PROBLEM TO WORK ON: Look through the data below and output, unchanged, every line from the one holding "Короткий прозорий халат" through the one holding "18th August 2022", inclusive. Skip the pictures.

RAW DATA:
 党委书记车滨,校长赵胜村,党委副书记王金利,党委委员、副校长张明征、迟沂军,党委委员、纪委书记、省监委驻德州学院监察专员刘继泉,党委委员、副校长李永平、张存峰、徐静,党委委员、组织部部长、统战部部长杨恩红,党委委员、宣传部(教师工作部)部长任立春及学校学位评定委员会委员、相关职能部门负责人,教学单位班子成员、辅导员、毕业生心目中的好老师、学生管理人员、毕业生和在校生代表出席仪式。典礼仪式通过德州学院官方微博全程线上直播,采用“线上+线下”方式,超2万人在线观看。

* * *

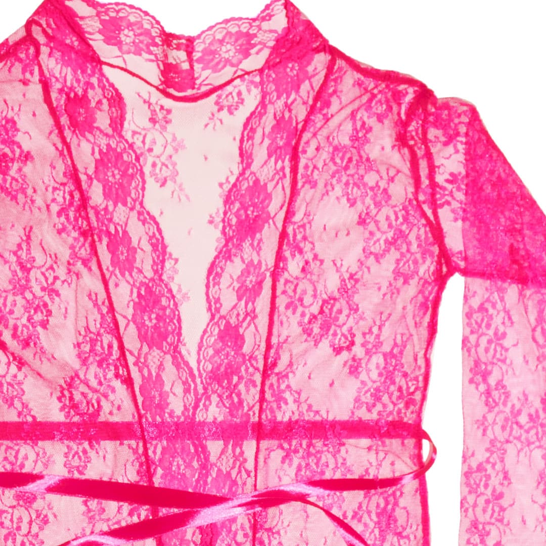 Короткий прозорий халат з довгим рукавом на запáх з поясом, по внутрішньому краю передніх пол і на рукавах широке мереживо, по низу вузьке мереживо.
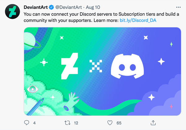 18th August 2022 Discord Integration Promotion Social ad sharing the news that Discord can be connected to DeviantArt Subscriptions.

RESPONSE TO THE EXERCISE:
 Короткий прозорий халат з довгим рукавом на запáх з поясом, по внутрішньому краю передніх пол і на рукавах широке мереживо, по низу вузьке мереживо.
 18th August 2022 Discord Integration Promotion Social ad sharing the news that Discord can be connected to DeviantArt Subscriptions.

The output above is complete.